人を採用したくてもなかなか採用できないという状況なのです。

AIにとって代われると言われながらも、実はと言うと人手不足って、なかなかの皮肉です。

凄い税理士・会計士とは?

これから消えていく会計事務所は作業を中心とするところで、伸びていく会計事務所はコンサルに注力しているところとの記事もありました。

ここで気になったのは、次の一言です。

ビッグ4系事務所以外の伸びている会計事務所は、コンサルティングに注力しており、採用に当たっては、「会計・税務の専門能力よりも、人とうまくコミュニケーションをとれるかを重視」している傾向にあるということです。

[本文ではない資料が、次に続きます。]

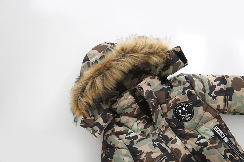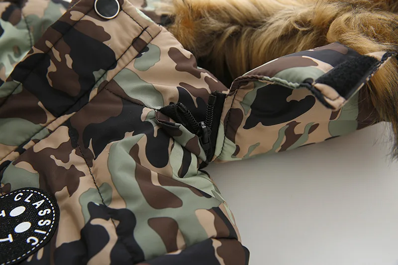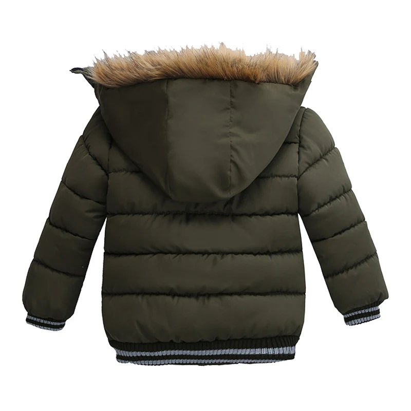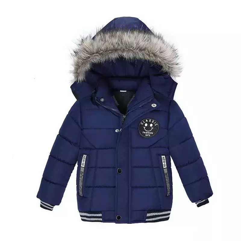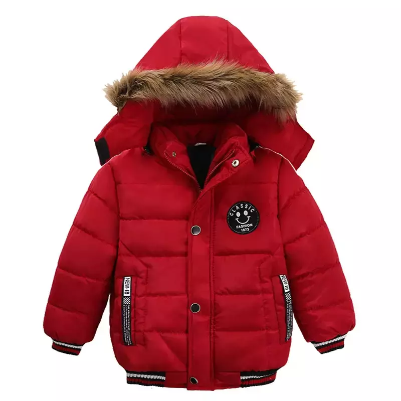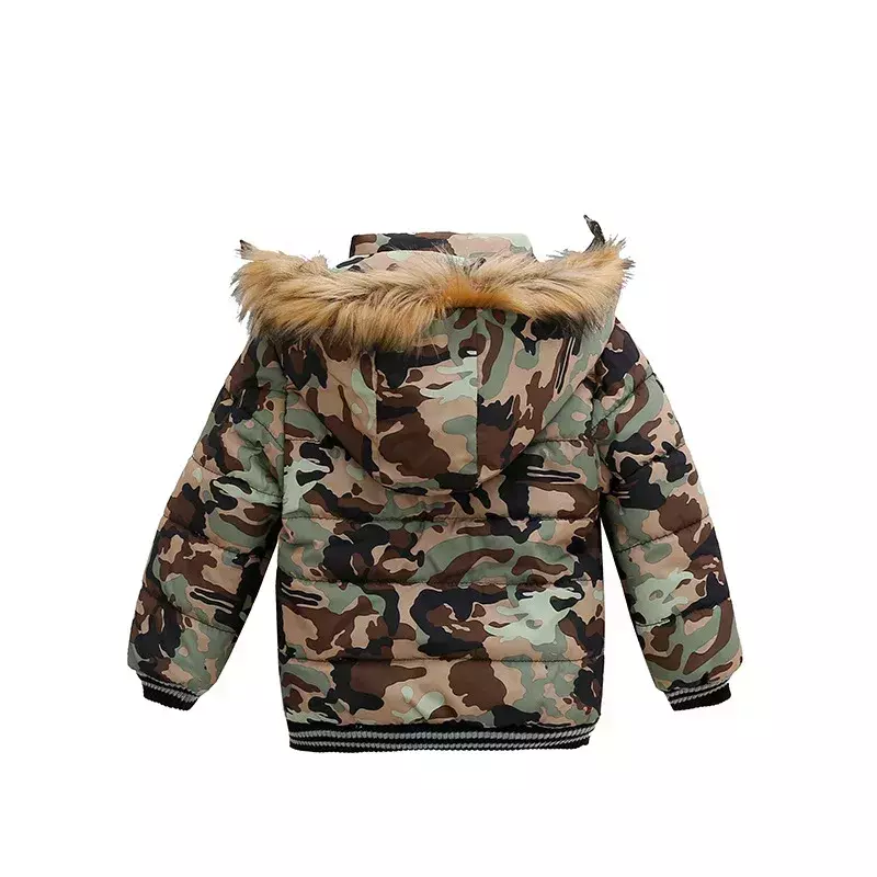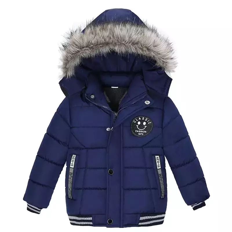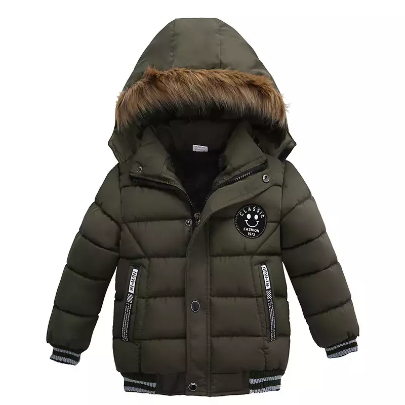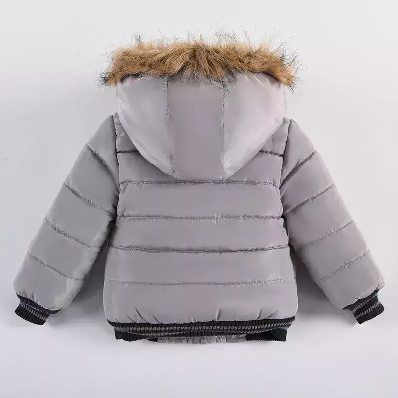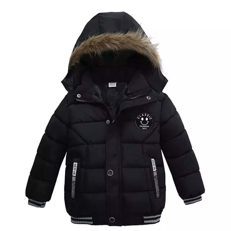 Estilo irresistível: Detalhes em gola de pelo e modelo com estampa moderna, perfeito para meninos que gostam de estar bem-vestidos.
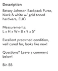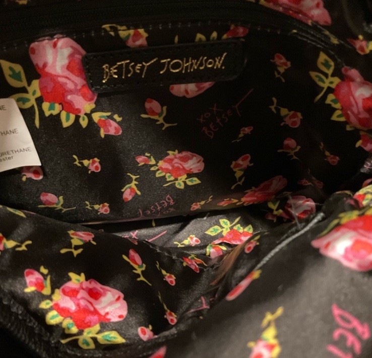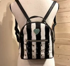The Betsey Johnson backpack purse is a stylish and practical accessory for women. Made from faux leather with a black and white striped pattern, this small backpack features studded accents and gold-plated hardware. It includes inner and outer pockets, an adjustable strap, and a zip closure. The top handle is white in color, adding a chic contrast to the overall design. Perfect for casual occasions, this backpack by Betsey Johnson combines fashion and functionality in one versatile piece. Interior is beautiful floral pattern & multicolored.

「会計・税務の専門能力」<「コミュニケーション能力」

これは、ある意味、大きな危険を秘めています。

会計・税務の専門能力の欠けた人材が、巧みなコミュニケーション術で、いかにもすごいコンサルティングを実施しているように見せて実は間違ったことを教えていた

ということになりかねないのです。

この伸びている会計事務所の中には、営業にばかり力を入れていて、業務や人員を拡大しているけれども、サービスが追い付いていないというところもあるのではないでしょうか。

私が会社員だった時に、この伸びている会計事務所に挙がっているところと契約のある子会社があり、かなりいい加減な税務サービスを受けていたことがありました。

税理士や会計士の業界では、専門分野と呼ばれる分野だけあって、クライアントに十分に仕事内容を理解してもらうことが難しいということがよくあります。

すると、伸びている会計事務所によっては、下記のような方針をとっているところもあるのではないでしょうか。

「会計・税務の専門能力」<「営業力」

この記事では、残念ながら、税理士がどういう専門能力があり、その専門能力をもった税理士がどう活躍しているかが描かれていません。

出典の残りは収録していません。